China nach der Abriegelung: Neue Probleme, alte Politik

Peter Main, Infomail 1106, 7. Juni 2020

Formell ist der Nationale Volkskongress das höchste Organ der Staatsgewalt in China. Obwohl er nur einmal im Jahr, und zwar zwei Wochen lang, zusammentritt, werfen seine Beratungen ein gewisses Licht auf die Prioritäten der Regierung und die Richtung, in die sich die Politik bewegt. Die diesjährige Tagung, die in den letzten beiden Maiwochen stattfand, musste wegen der Covid-19-Epidemie verschoben werden, deren Nachwirkungen offensichtlich einen völlig unerwarteten Kontext für die Pläne der Regierung geschaffen haben.

Die unmittelbare Folge der Abriegelung der Provinz Hubei und des verlängerten Nationalfeiertags Neues Mondjahr  war ein Rückgang des Bruttoinlandsprodukts im ersten Quartal um 9,8 Prozent im Vergleich zum letzten Jahresviertel 2019. Selbst jetzt, wird geschätzt, arbeitet die Wirtschaft nur noch zu etwa 80 Prozent der vorherigen Kapazität.

Nichtsdestotrotz wird Covid-19, wie die meisten Krisen, wahrscheinlich Trends, die sich bereits entwickelt haben, und einen politischen Kurs, der bereits geplant war, beschleunigen. Die Wirtschaft war schon ein Grund zur Sorge, lange bevor ein/e unglückliche/r BürgerIn von Wuhan das neue Virus erstmals aufnahm. Die Exporte, die seit 30 Jahren eine große Rolle für Chinas rasantes Wachstum gespielt haben, gingen 2019 sogar um 0,5 Prozent zurück, nachdem sie im Jahr zuvor um 10 Prozent gestiegen waren. Das BIP insgesamt wuchs nur um 6,1 Prozent, verglichen mit dem offiziellen Ziel von 6,5 Prozent.

Ungleichheit

Angesichts der Drohungen von US-Präsident Trump mit einem Handelskrieg waren schon vor der Pandemie die Aussichten auf eine Steigerung der Ausfuhren als Weg zum allgemeinen BIP-Wachstum nicht gut. Die Steigerung des Binnenkonsums ist daher zu einem wichtigen Ziel geworden, aber es ist eines, das ein Merkmal der chinesischen Gesellschaft offenbart, das oft übersehen wird: die enorme soziale Ungleichheit. Im gesamtgesellschaftlichen Durchschnitt liegt das Pro-Kopf-Einkommen in China bei etwa 30.000 Renminbi, d. h. etwa 4.000 US-Dollar pro Jahr, aber das verdeckt die Tatsache, dass 40 Prozent der Bevölkerung, 600 Millionen Menschen, mit weniger als 1.000 Rebminbi, d. h. etwa 130 US-Dollar pro Jahr, auskommen müssen.
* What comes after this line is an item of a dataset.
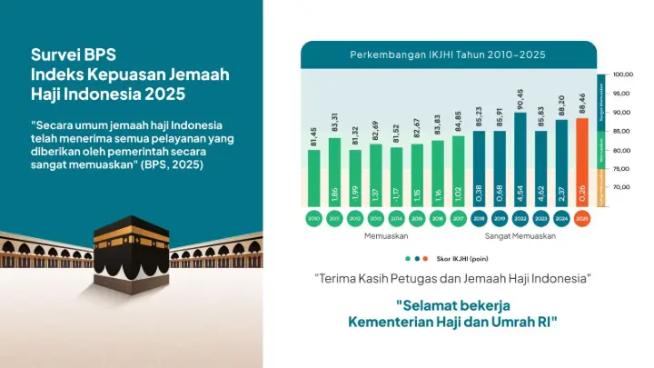 Sebelumnya, Badan Pusat Statistik (BPS) menyampaikan bahwa hasil perhitungan Indeks Kepuasan Jemaah Haji (IKJH) 2025, mencapai angka 88,46 dengan predikat sangat memuaskan.

Es ist kein Zufall, dass 40 Prozent der Bevölkerung auf dem Land leben. Einerseits bedeutet dies, dass Geldeinkommen nicht ihre einzige Unterhaltsquelle ist. Auf der anderen Seite macht es sie eindeutig nicht zu einem effektiven Markt für hochwertige Industriegüter, denn jemand mit 130 Dollar im Jahr wird sich kein neues Auto kaufen. Es unterstreicht auch, wie weit die Landbevölkerung von der Integration in die chinesische Marktwirtschaft entfernt ist.
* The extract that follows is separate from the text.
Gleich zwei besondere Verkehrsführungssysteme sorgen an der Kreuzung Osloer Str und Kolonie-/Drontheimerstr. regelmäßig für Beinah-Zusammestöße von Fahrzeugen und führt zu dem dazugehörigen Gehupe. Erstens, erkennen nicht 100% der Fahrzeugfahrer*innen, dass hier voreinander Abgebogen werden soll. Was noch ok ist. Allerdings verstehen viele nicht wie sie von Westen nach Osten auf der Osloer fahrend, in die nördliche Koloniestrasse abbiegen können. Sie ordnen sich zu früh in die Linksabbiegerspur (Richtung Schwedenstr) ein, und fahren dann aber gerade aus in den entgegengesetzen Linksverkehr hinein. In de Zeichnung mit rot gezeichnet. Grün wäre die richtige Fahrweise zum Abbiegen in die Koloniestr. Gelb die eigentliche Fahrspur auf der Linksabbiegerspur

In seiner Rede auf der Schlusssitzung des Nationalen Volkskongresses wies Premierminister Li Keqiang auf die Notwendigkeit hin, das verfügbare Einkommen dieses potentiell riesigen Marktes zu erhöhen, musste aber auch feststellen, dass die Kleinst-, Klein- und Mittelbetriebe, von denen man erwarten könnte, dass sie ihn bedienen, mit zunehmenden Schwierigkeiten zu kämpfen hätten. Diese beziehen sich auf ein weiteres Hauptthema in Lis Rede, nämlich die Notwendigkeit, sich mit der wachsenden Verschuldung und den „untilgbaren Krediten“ zu befassen, d. h. solchen, für die sich die KreditnehmerInnen nicht einmal die Zahlung von Zinsen leisten können.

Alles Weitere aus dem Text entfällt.